* Your objective: Reproduce all of the data exactly. Images are not to appear in the reply.

*** Data ***

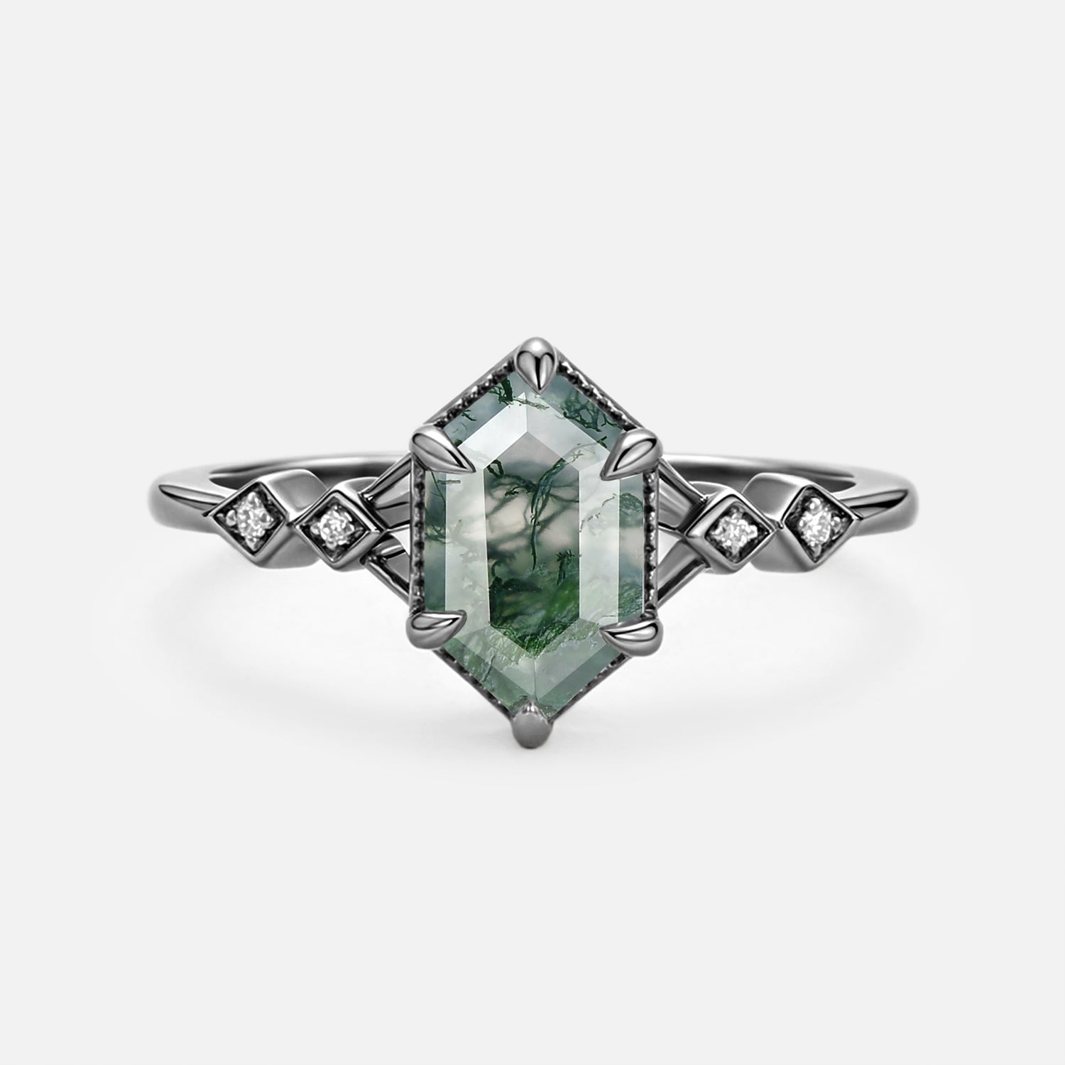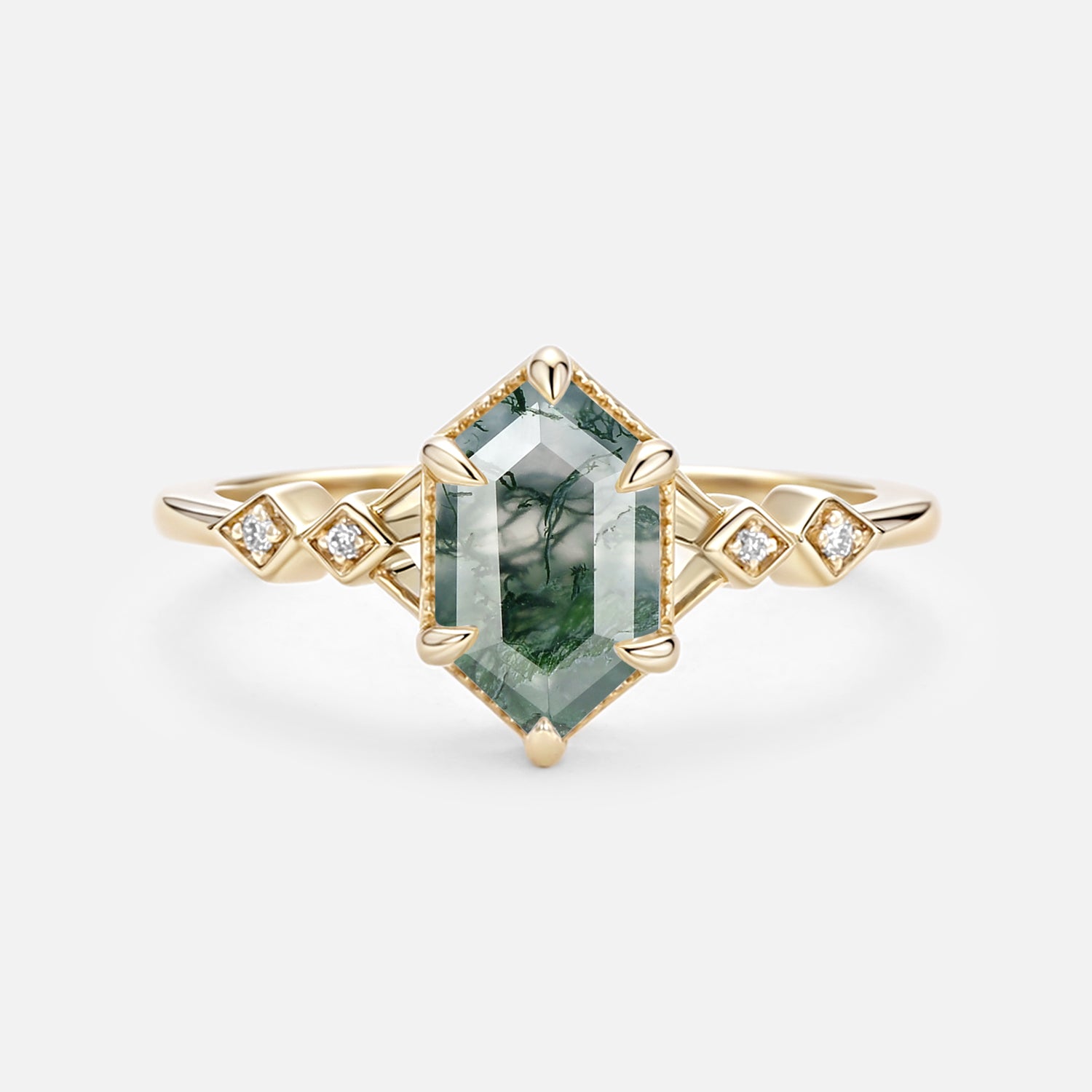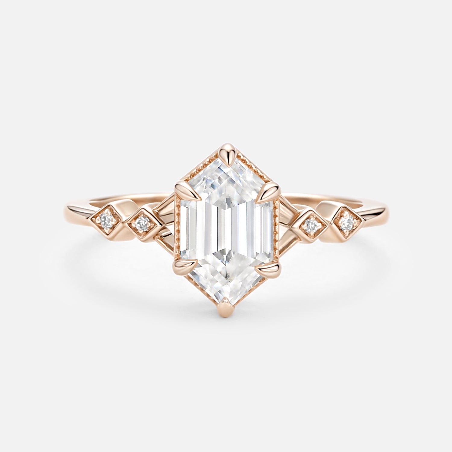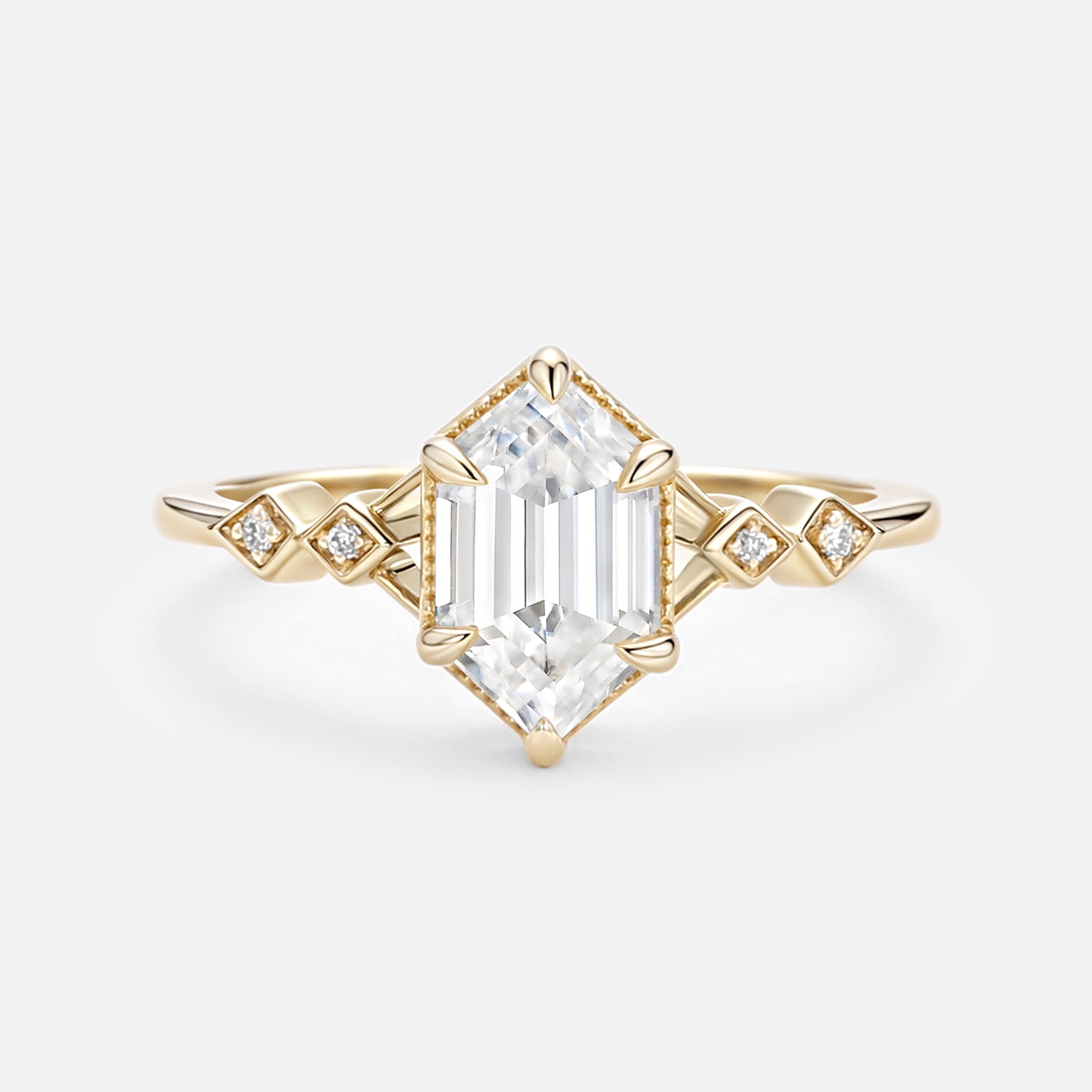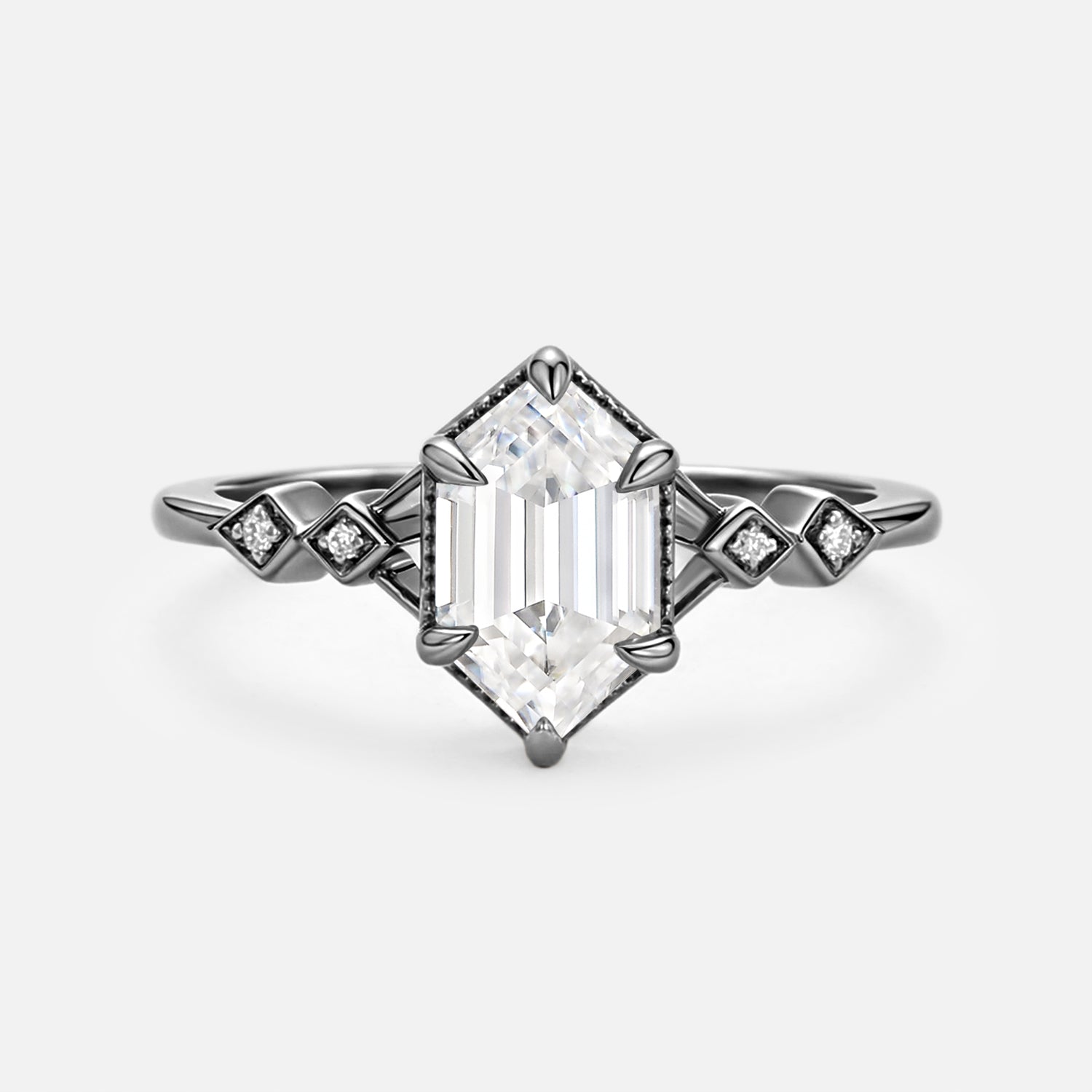 Minimalist Long Hexagon Lab Emerald Engagement Ring
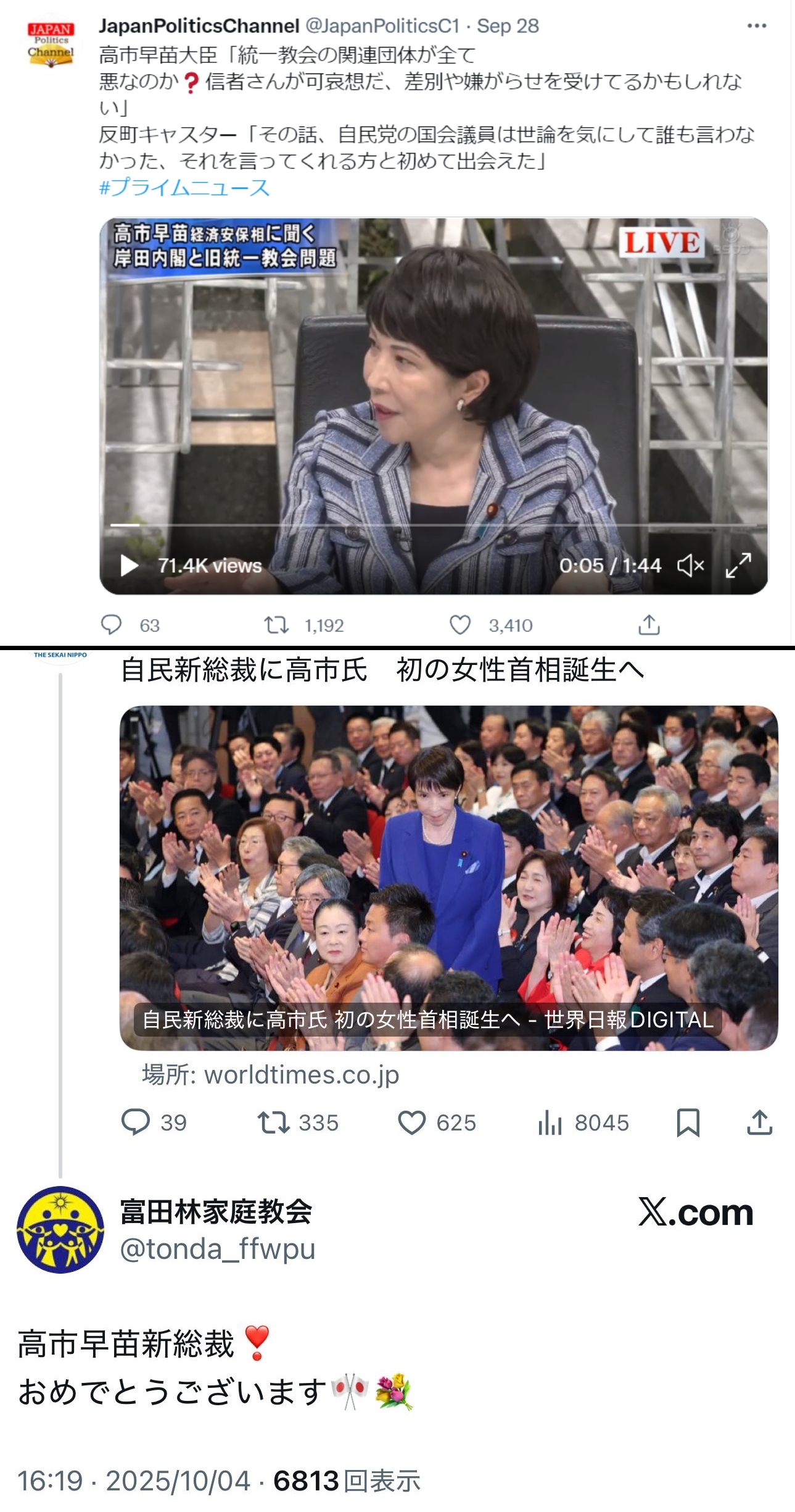 | … | 276無念Nameとしあき26/01/26(月)21:42:07No.1382921670+自民がカルトに支配されてんだか(あっさり解散命令出すけど) |
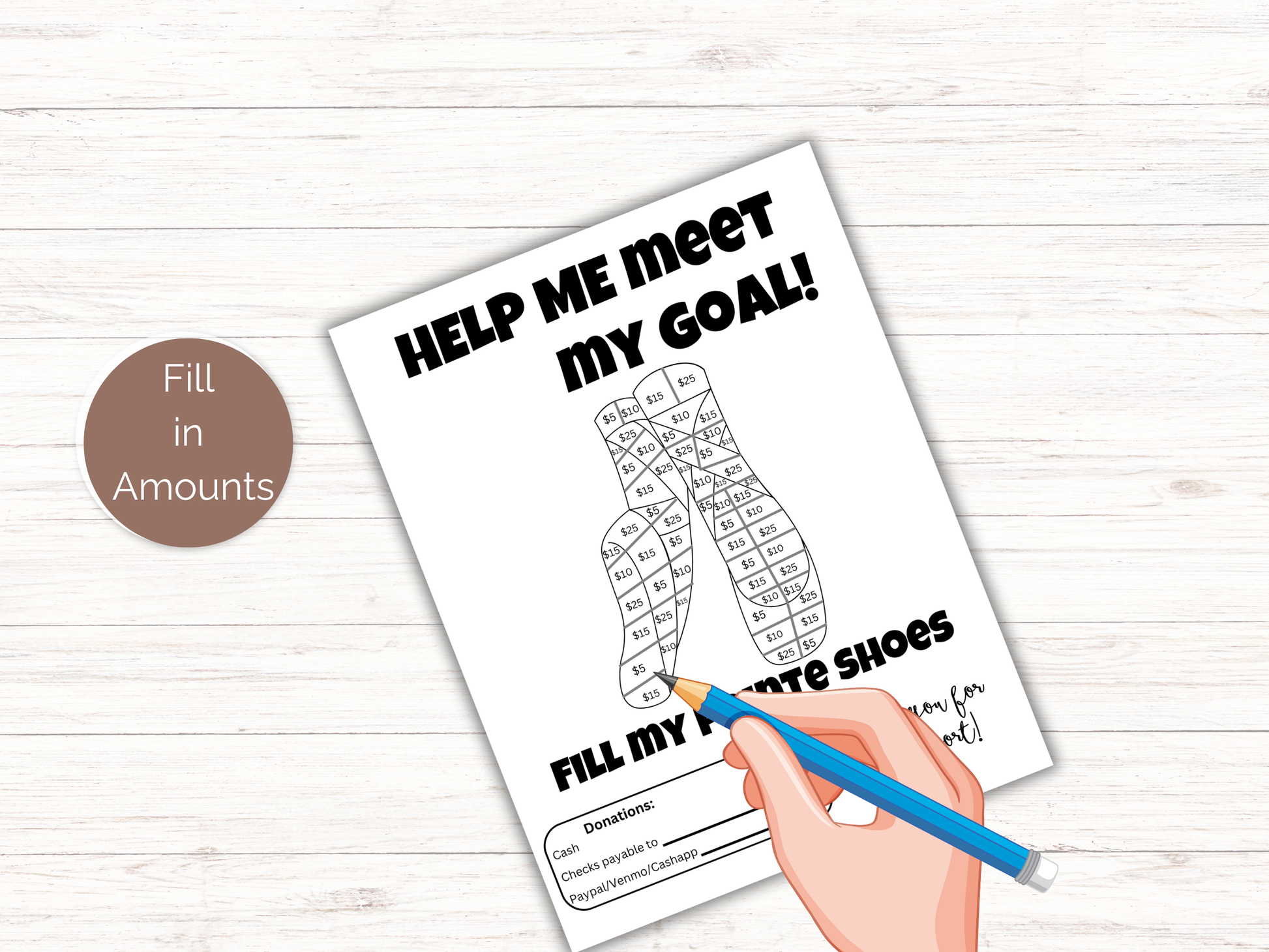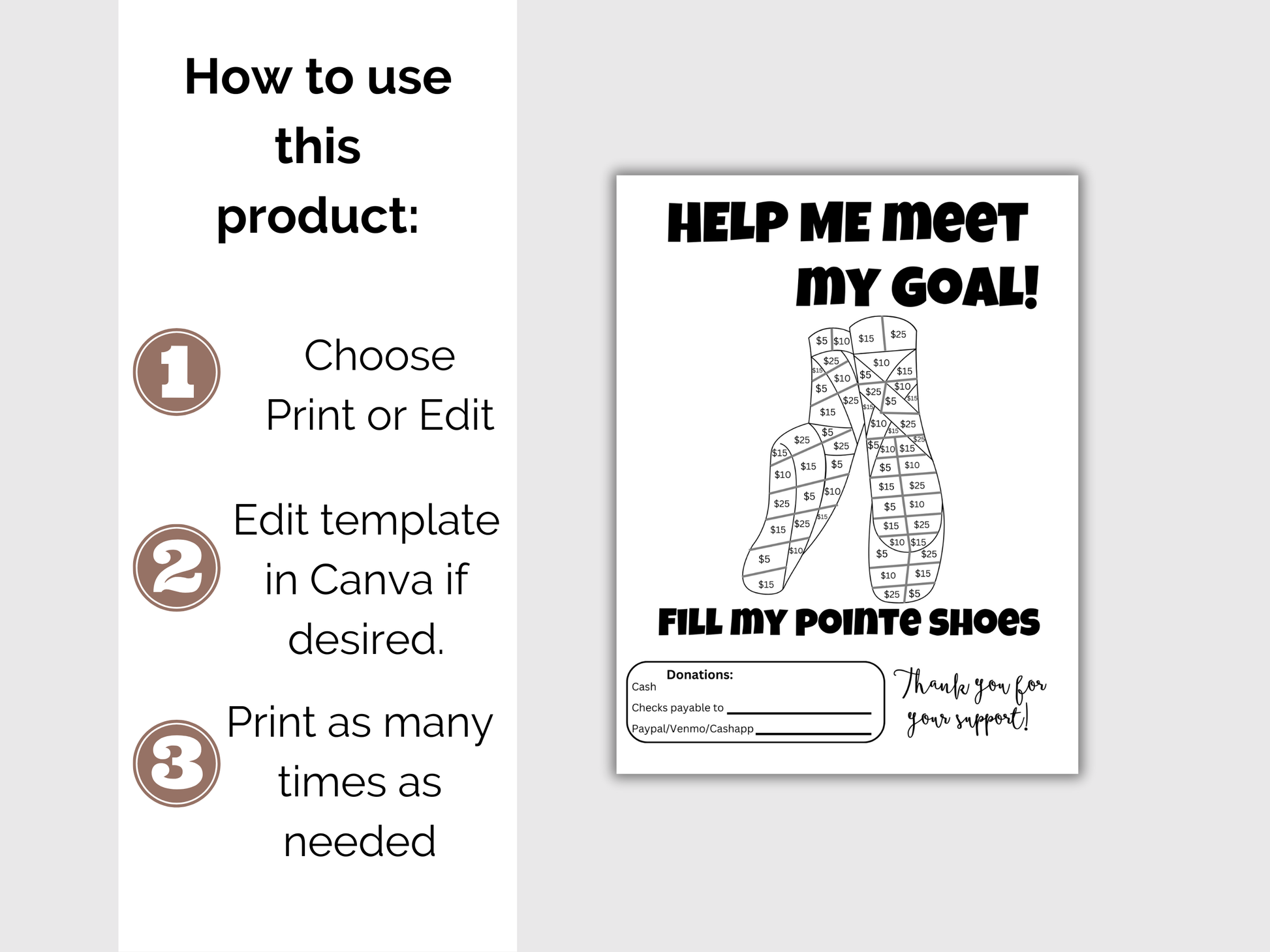 This easy editable Fill My Pointe Shoes fundraiser is the perfect way to raise money for your ballet season. It comes with a bonus Fundraising Tracker. Either edit the template in Canva - you can change font/text/images/team logo and more. Or, print as is.

***

* Solution:
 Minimalist Long Hexagon Lab Emerald Engagement Ring
 | … | 276無念Nameとしあき26/01/26(月)21:42:07No.1382921670+自民がカルトに支配されてんだか(あっさり解散命令出すけど) |
 This easy editable Fill My Pointe Shoes fundraiser is the perfect way to raise money for your ballet season. It comes with a bonus Fundraising Tracker. Either edit the template in Canva - you can change font/text/images/team logo and more. Or, print as is.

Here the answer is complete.